# At a loss after 7 week lab results - long post



## bluesmom (Aug 11, 2012)

Hi,
I've been on 50 mcg synthroid for 7 weeks now and had blood tests yesterday:

10/25/2012:
TSH 2.84 (.27-4.2)
FT4 1.38 (.9-1.7)
FT3 3.0 (2.3-4.2)

My history:

8/30/2012:
TPOAb 350 (<35)
TgAb >3000 (<20)
Ultrasound findings:
right side 4.45x1.3x1.71
left side 3.04x1.03x1.2
Isthmus 0.56
(no nodules reported - said my thyroid felt soft)
Cortisol baseline 11.6
Cortisol 30 min post challenge 24.0

8/2/2012:
TSH 3.17 (.5-6.0)
FT4 1.1 (.8-1.5)
Total T3 (92 (76-181)

I also found a lab result from 11 years ago, when I first developed IBS and ended up going gluten and dairy free, my TSH was 3.33 (no range known). My current doctor, at my insistence, tested me for TrAb (instead of TSI which I had requested). TrAb was <1 (range <1.22). She won't test for TSI.

I feel like I've had thyroid issues forever - like 30 years. My mom and brother had Hashi's and Graves (respectively) since their teens and I think I've gone undiagnosed for years. Having said that, my symptoms are not classically Hashi's or Graves. I've had times when I couldn't keep weight on and times when I was very bloated. I've had IBS for 11 years (since stopping birth control). My periods have been long and harsh or short and almost non-existent. My hair has always fallen out and I just recently learned that that doesn't happen to everybody. I've had sores that take months and months to heal, pimples on my scalp, a rash on my upper back, depression, anxiety etc.
My biggest symptom over the years and currently is pain, however. Right-sided neck pain, lower back and hip pain and, currently upper mid-back pain that is sharp and radiates to the front of my left ribcage.
The pain today has been much worse than in the past several weeks and for some naive reason, I believed the synthroid would help. Since starting synthroid, I had one wonderful day about 3 days into it and thought my physical ailments might be solved. Not so (of course, what was I thinking). I'm having diarrhea every day at least once, not sleeping well at all, and haven't seen any lasting changes.
My question is this: with the new lab results, does it seem like I even need to be on synthroid? Could this all be due to my high TgAb antibodies?
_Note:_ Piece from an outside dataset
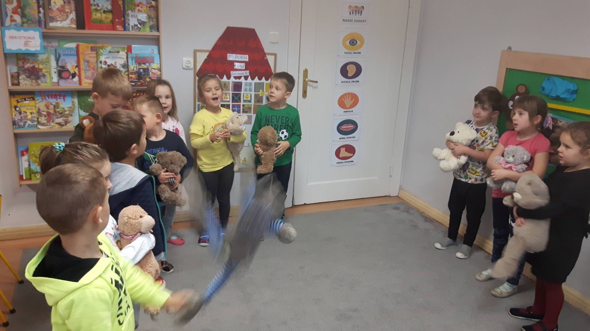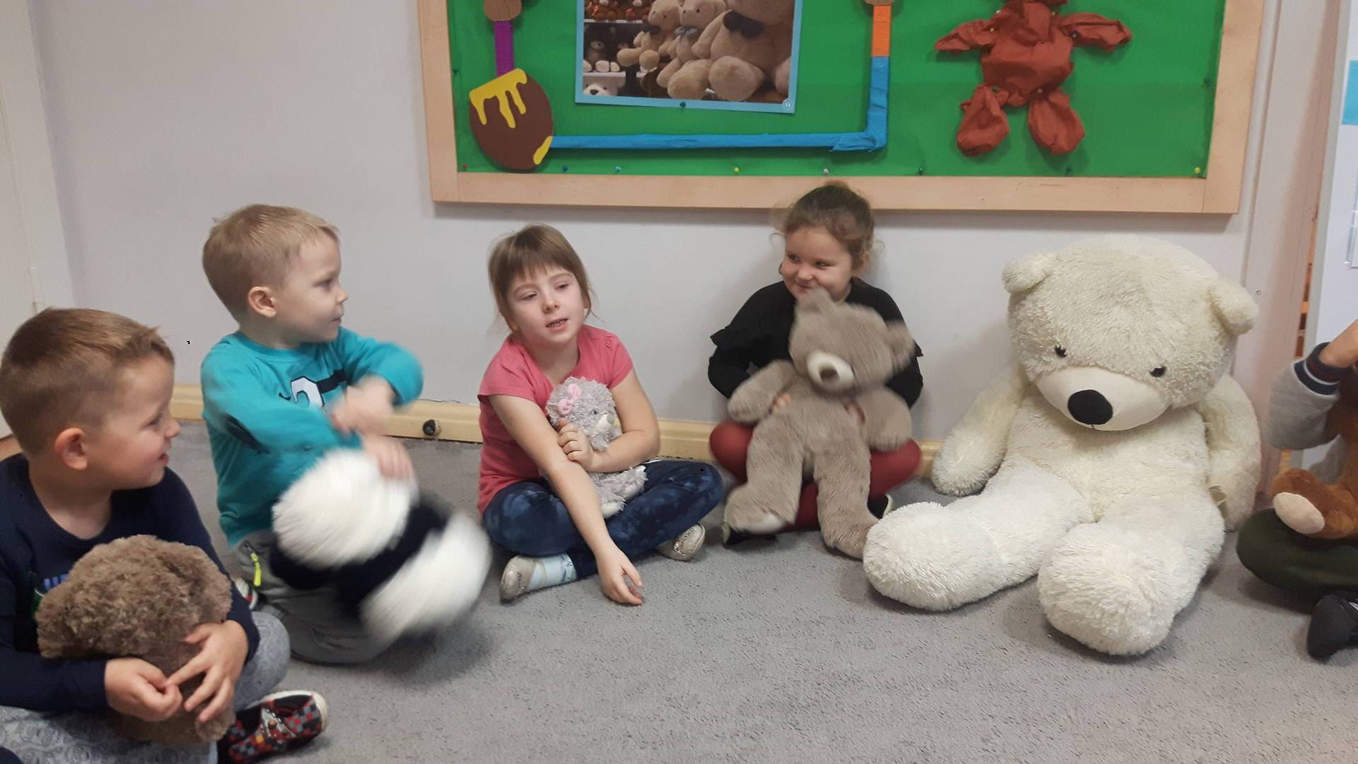 Zaraz po śniadaniu wszystkie dzieci zostały zaproszone do wspólnej zabawy w misiowej krainie.

Could something else entirely be going on?
Thanks so much for reading this far. And I'm sorry to go on and on. I was just so excited to actually have found a diagnosis after years and years of yuck and now to think that I have to keep searching is really hard to take in.
Any advice you have would be very much appreciated. I'm at a loss.
Carolyn


----------



## Octavia (Aug 1, 2011)

With those new labs at 50 mcg, I would say yes, you do need the Synthroid. But you are fighting an uphill battle with those antibodies.

Give the Synthroid some more time. I suspect some of the symptoms may subside soon. For some people, it take time to adjust to the drug. Or perhaps you could try a different thyroid drug, but I do believe you need something.


----------



## Lovlkn (Dec 20, 2009)

> I've been on 50 mcg synthroid for 7 weeks now and had blood tests yesterday:
> 
> 10/25/2012:
> TSH 2.84 (.27-4.2)
> ...


You are still hypo - ask your doctor to increase your Synthroid.


----------



## Andros (Aug 26, 2009)

bluesmom said:


> Hi,
> I've been on 50 mcg synthroid for 7 weeks now and had blood tests yesterday:
> 
> 10/25/2012:
> ...


You do have a very small amount of Trab. That means something is going on. Like TSI, you should have no Trab. Trab indicates that you do have TSI as Trab is the blocking antibody to TSI.

That said; I believe you have Lupus also. Have you been tested? Anti-dsDNA, C3, C4.

You can look the lab tests up here.
http://www.labtestsonline.org/


----------



## bluesmom (Aug 11, 2012)

Thanks for the helpful replies. I'm trying to be a bit more hopeful about the Synthroid starting to work soon, and if not, pushing the doctor to increase the dose a bit.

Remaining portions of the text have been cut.